Add ability to cache HTTP redirects in Elasticsearch output


(Ray Harris) #1

Hi everyone! I'm a software engineer at IBM in the logging service. We run several large multi-tenant Elasticsearch clusters to support both internal and external customers. An issue we're running into is that we need the ability, for various reasons, to migrate tenants from one cluster to another (often in different data centers).

Our multi-tenant solution uses a custom written ES proxy that authenticates clients and applies capping, throttling, and blocking based on the state of the tenant's account. As part of our solution to tenant migration, we're implementing what we're calling "redirect caching" in both libbeat and the logstash-output-elasticsearch plug-in. This would allow our ES proxy servers to automatically move a tenant's connections from one data center to another automatically without the need for the tenant to reconfigure their log shippers.

We would like feedback as to whether this would be something the community would be interested in having included in the Elasticsearch output for Beats and Logstash. It would benefit us to have it included so that our customers could use "off-the-shelf" shippers instead of us having to maintain a fork of Beats and Logstash.

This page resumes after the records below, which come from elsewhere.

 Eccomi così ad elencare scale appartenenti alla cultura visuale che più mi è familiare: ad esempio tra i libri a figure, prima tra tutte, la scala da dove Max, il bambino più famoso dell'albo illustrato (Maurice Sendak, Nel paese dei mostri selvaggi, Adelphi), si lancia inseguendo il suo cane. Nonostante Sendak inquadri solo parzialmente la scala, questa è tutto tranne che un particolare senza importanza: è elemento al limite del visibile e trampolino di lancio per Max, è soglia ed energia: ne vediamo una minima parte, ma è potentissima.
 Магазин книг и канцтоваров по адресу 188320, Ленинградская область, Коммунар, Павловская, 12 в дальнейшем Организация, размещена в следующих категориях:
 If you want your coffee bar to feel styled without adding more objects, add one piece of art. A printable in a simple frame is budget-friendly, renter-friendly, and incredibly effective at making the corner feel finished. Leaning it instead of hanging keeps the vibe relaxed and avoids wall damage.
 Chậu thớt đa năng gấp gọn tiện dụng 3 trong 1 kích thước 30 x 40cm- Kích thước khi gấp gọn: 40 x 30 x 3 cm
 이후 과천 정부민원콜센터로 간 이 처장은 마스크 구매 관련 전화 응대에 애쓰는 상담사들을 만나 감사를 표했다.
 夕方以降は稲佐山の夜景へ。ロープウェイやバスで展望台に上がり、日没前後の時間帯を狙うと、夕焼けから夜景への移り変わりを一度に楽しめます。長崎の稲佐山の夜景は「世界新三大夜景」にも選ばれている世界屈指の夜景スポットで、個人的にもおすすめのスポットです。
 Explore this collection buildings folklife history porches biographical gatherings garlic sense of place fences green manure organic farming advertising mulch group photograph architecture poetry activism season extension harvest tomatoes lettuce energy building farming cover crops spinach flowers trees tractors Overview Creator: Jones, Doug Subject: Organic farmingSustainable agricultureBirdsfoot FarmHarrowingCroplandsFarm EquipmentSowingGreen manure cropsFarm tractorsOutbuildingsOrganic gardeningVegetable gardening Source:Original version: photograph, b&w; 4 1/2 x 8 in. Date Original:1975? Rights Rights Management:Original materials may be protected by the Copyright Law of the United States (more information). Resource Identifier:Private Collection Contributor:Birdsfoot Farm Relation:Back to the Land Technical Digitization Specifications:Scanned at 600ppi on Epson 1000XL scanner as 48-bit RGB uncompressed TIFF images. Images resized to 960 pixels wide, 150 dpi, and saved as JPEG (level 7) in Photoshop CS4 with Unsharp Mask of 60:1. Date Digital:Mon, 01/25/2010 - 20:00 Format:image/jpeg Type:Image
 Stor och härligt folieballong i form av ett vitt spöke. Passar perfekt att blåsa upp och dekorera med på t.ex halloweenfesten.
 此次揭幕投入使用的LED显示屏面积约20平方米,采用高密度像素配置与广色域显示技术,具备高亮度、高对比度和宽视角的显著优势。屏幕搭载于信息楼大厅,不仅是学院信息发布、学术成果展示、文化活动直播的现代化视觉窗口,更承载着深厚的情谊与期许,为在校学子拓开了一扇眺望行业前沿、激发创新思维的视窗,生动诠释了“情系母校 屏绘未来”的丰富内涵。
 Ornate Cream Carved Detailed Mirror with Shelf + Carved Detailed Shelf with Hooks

Below is a description of how redirect caching would work. And here are the links to the code for both Beats and the logstash-output-elasticsearch plugin:

Let me know what you think about the idea. Thanks!

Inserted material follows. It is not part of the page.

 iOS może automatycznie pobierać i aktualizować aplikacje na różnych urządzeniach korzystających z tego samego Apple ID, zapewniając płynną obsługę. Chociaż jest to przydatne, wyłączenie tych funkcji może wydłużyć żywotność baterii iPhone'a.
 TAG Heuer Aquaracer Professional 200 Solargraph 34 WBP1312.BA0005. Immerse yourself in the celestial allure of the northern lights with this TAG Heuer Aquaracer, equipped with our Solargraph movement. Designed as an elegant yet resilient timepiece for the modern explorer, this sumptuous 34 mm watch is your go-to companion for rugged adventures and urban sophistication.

Ray Harris, Software Engineer
IBM Cloud

HTTP Redirect Caching

As part of our investigation into implementing tenant migration, we looked into adding to the log shippers the ability to cache HTTP redirects so that follow-on HTTP requests during that session would use the original redirect.

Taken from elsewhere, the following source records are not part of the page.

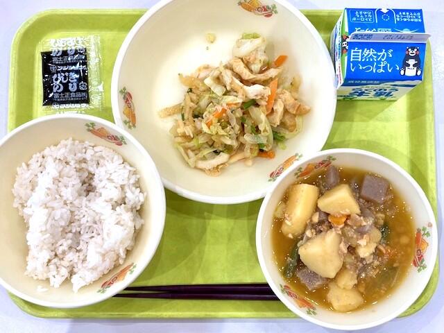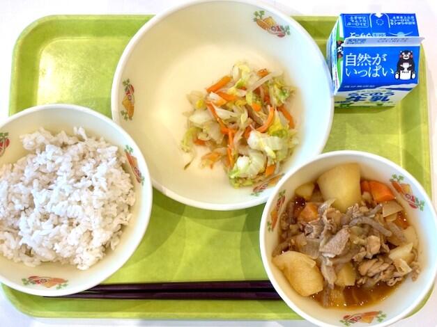 麦ごはん、牛乳、肉じゃが(ピリ辛みそ味)、白菜の甘酢和え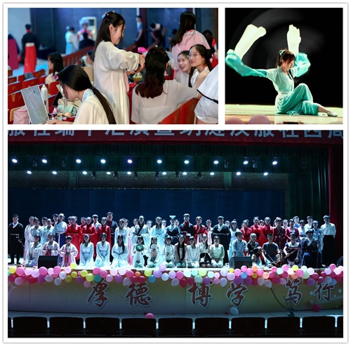 晚会首先由一曲“大鱼海棠”二胡伴舞拉开序幕,接着还有“长安歌”汉舞独舞、戏曲“梨花游园之国色天香”、朗诵伴舞“为汉服的浅吟低唱”等精彩节目。子衿汉服社作为主办方出演汉舞“千古”,表达了汉文化悠远的意境。另外,晚会还准备了我国传统行酒令文字游戏――“飞花令”、传统礼仪宴饮游戏――投壶作为互动环节,不仅再现了传统文化,而且十分具有趣味性。最后是压轴节目“汨罗魂”,表演人员以庄严肃穆的舞台剧,与现场的观众一同缅怀一代爱国诗人屈原。
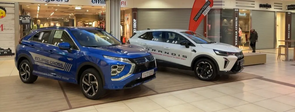 Besuchen Sie unsere Ausstellung im UG1 vor Rossmann im Atrium Weimar und entdecken Sie ausgewählte Fahrzeuge hautnah.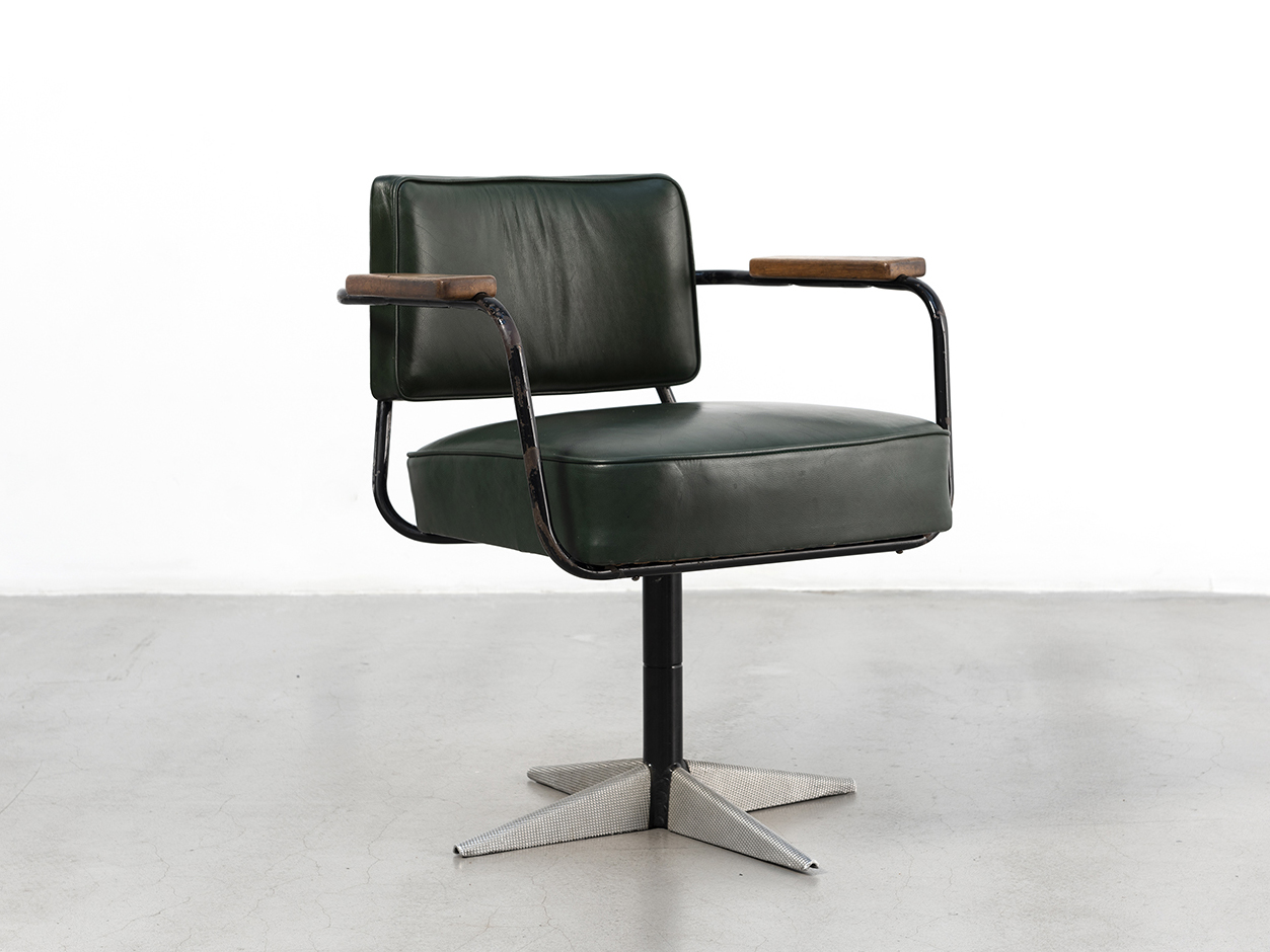 After first working as a blacksmith, Jean Prouvé discovered electric welding and diverse production techniques that he applied to sheet steel, a material that enabled him to conceive "hollow sections". The use of this material was to be found in most of the furnishings he designed. From the 1930s onwards, Jean Prouvé immediately asserted the peculiarity of his approach: the mass-producing of furniture on industrial machinery.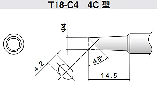 Hakko T18-C4 - T18 Series Soldering Tip for Hakko FX-888/FX-8801 - Bevel - 4 mm/45? x 14.5 mm

As an example, consider this. A tenant is using the logging service in data center 1 (dc1). Without redirect caching, the process of shipping a log is as follows:

  • The log ingestion endpoint is logs.dc1.example.com
  • The shipper looks up the IP of the endpoint in DNS
  • The shipper connects to the IP using HTTPS and basic authentication
  • The server checks the tenant's account and returns a 200 if allowed to send logs
  • The shipper starts sending logs

If we want to migrate the tenant to a different data center (eg, dc2), without redirect caching this is the process:

  • Behind the scenes, we migrate the tenant's existing logs to the new data center
  • For a short time we stream their logs from dc1 to dc2
  • We allow the tenant to ship logs to either dc1 or dc2 to submit logs
  • The tenant has to change the endpoints of their shippers to logs.dc2.example.com
  • We block the client from connecting to dc1 and they can only connect to dc2

This process is not scalable and error prone. With redirect caching, the process of shipping a log changes slightly, but will enable the migration process to be automatic. Here's how the redirect caching would work:

  • The log ingestion endpoint is logging.example.com
  • The shipper looks up the IP of the endpoint in DNS
  • The shipper connects to the IP using HTTPS and basic authentication
  • The proxy looks up the tenant and determines what their current datacenter is
  • The response to the initial connection is an HTTP 302 redirect to the correct data center
  • The shipper caches the redirect
  • The shipper connects to the redirect using HTTPS and basic authentication
  • The The server checks the tenant's account and returns a 200 if allowed to send logs
  • The shipper starts sending logs

Now, with redirect caching, if we want to migrate a tenant to dc2, this is the process:

  • Behind the scenes, we migrate the tenant's existing logs to the new data center
  • We stream their logs from dc1 to dc2 until the logs are in sync
  • We change the tenant's account to indicate they are now in dc2
  • The servers in dc1 are informed of the change in data center for the tenant
  • The servers in dc1 close all active connections from the tenant's shippers
  • The shippers reconnect, but this time instead of a 200, they get a redirect to dc2 as described above
  • The shippers now connect and send logs to dc2

The process with redirect caching is scalable and can be automated. The migration can be initiated by the tenant or by the logging service either manually or automatically. The tenant doesn't have to reconfigure their shippers (which often involves redeploying servers or containers).